Department of Otolaryngology-Head and Neck Surgery, University of Western Ontario, London, Ontario, Canada.
Int Forum Allergy Rhinol. 2013 Jan;3(1):62-5. doi: 10.1002/alr.21069. Epub 2012 Aug 2.
Postoperative hyposmia and anosmia is an often overlooked complication of endoscopic pituitary surgery. Septal flaps have been utilized as a strategy for repairing and preventing postoperative cerebrospinal fluid (CSF) leaks. The olfactory impact of raising this flap for sellar reconstruction and CSF repair needs qualitative assessment. This study aims to ascertain the effect of the Hadad-Bassagasteguy (HB) flap on olfaction in endoscopic pituitary surgery.

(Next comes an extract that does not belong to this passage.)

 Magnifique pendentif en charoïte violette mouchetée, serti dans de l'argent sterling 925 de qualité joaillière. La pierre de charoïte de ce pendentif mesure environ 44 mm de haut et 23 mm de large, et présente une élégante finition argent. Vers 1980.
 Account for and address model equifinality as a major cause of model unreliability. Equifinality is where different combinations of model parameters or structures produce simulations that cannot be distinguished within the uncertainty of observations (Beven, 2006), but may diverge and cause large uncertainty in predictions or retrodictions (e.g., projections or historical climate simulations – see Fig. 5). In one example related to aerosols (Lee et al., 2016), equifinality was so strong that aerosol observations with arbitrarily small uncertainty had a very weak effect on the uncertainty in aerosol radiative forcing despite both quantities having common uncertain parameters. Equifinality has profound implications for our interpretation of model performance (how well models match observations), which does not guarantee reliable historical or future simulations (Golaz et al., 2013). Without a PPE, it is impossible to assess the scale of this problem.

In this randomized controlled trial, patients undergoing pituitary surgery underwent computerized randomization. Those in Group 1 all had HB flaps raised and placed for sellar floor defects. Those in Group 2 underwent reconstruction with synthetic or nonautologous materials. The University of Pennsylvania Smell Identification Test (UPSIT) was administered preoperatively and 6 months postoperatively. Results were analyzed using nonparametric tests.

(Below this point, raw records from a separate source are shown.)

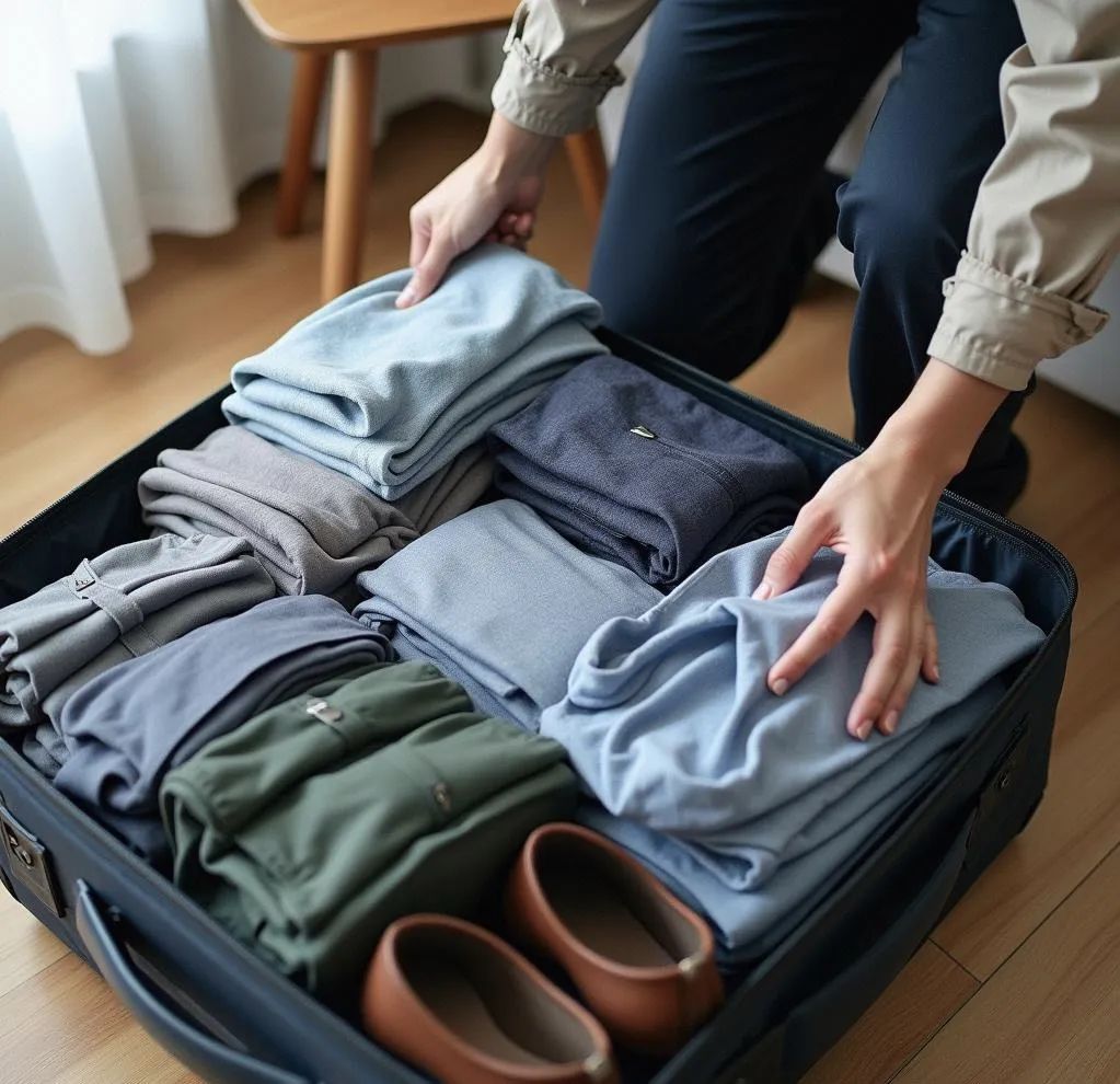 衣服鞋包:外套、上衣、裤子、裙子/羽绒服/冲锋衣/防晒衣(看旅行目的地和旅行时间)、一次性内衣裤、一次性袜子、帽子、包包、鞋子(拖鞋、平底鞋、运动鞋)、睡衣睡裤、饰品(耳环、项链、戒指等)。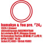 24 2026年1月5日 18:30 – 23:00 カテゴリ: weekdays 2026年1月5日(月) ACT sickufo 晩年 Glimpse Group DJ hamakyo YouSay 斎藤雄 片山翔太 OPEN & START18:30 TICKET¥2,400-(+1Drink ¥…
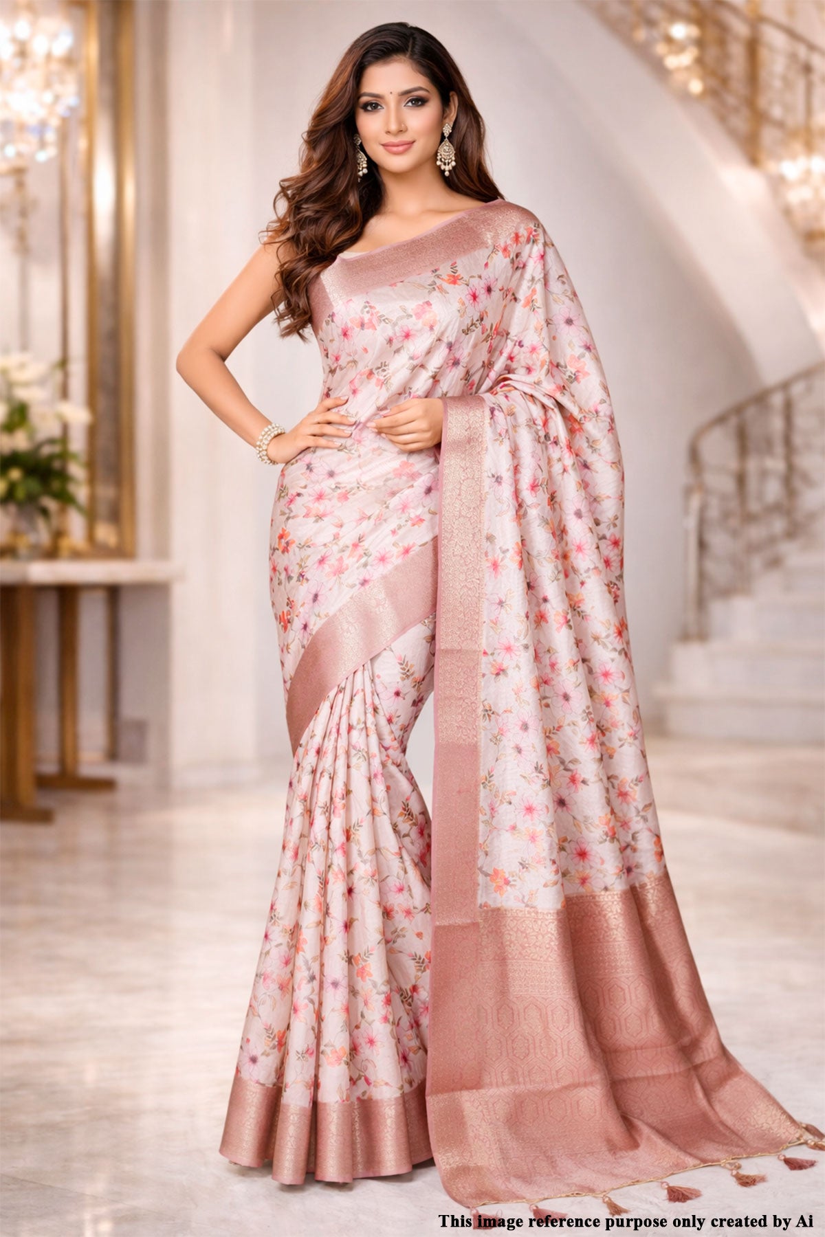Made from premium cotton fabric, this saree ensures all-day comfort while maintaining a rich, structured drape that flatters every silhouette. The intricate floral patterns add a refreshing and feminine vibe, making it an ideal choice for daytime gatherings, festive occasions, or elegant casual wear.

Twenty subjects were enrolled, 10 in each group. Eight subjects in Group 1 vs 3 in Group 2 had intraoperative CSF leak. All were repaired intraoperatively and none required additional intervention. Preoperatively, UPSIT scores were not significantly different between groups (p = 0.62). Preoperative vs postoperative comparisons were significant for a decrease in scores in both groups postoperatively (Group 1, p < 0.001; Group 2, p < 0.001). Those undergoing HB flap reconstruction had significantly worse scores postoperatively (p = 0.001).
Endoscopic pituitary surgery results in decreased olfaction with or without deploying a septal flap. However, use of the HB flap for reconstruction can worsen hyposmia at least 6 months after surgery. Olfaction should be considered when use of the HB flap is planned.
术后嗅觉减退和嗅觉丧失是内镜垂体手术中经常被忽视的并发症。鼻中隔瓣已被用作修复和预防术后脑脊液(CSF)漏的策略。为鞍底重建和 CSF 修复而掀起此瓣对嗅觉的影响需要进行定性评估。本研究旨在确定 Hadad-Bassagasteguy(HB)瓣对内镜垂体手术中嗅觉的影响。
在这项随机对照试验中,接受垂体手术的患者接受了计算机随机分组。第 1 组所有患者均行 HB 瓣掀起并置于鞍底缺损处。第 2 组患者采用合成或非自体材料进行重建。术前和术后 6 个月进行宾夕法尼亚大学嗅觉识别测试(UPSIT)。使用非参数检验分析结果。
共纳入 20 例患者,每组 10 例。第 1 组 8 例患者术中发生 CSF 漏,第 2 组 3 例。所有患者均在术中修复,无患者需要额外干预。术前两组 UPSIT 评分无显著差异(p = 0.62)。两组术后评分均显著下降(第 1 组,p < 0.001;第 2 组,p < 0.001),且术前比较有统计学意义。行 HB 瓣重建的患者术后评分明显更差(p = 0.001)。
内镜垂体手术可导致嗅觉减退,无论是否使用鼻中隔瓣。然而,使用 HB 瓣进行重建至少在术后 6 个月后可能会使嗅觉减退恶化。在计划使用 HB 瓣时应考虑嗅觉。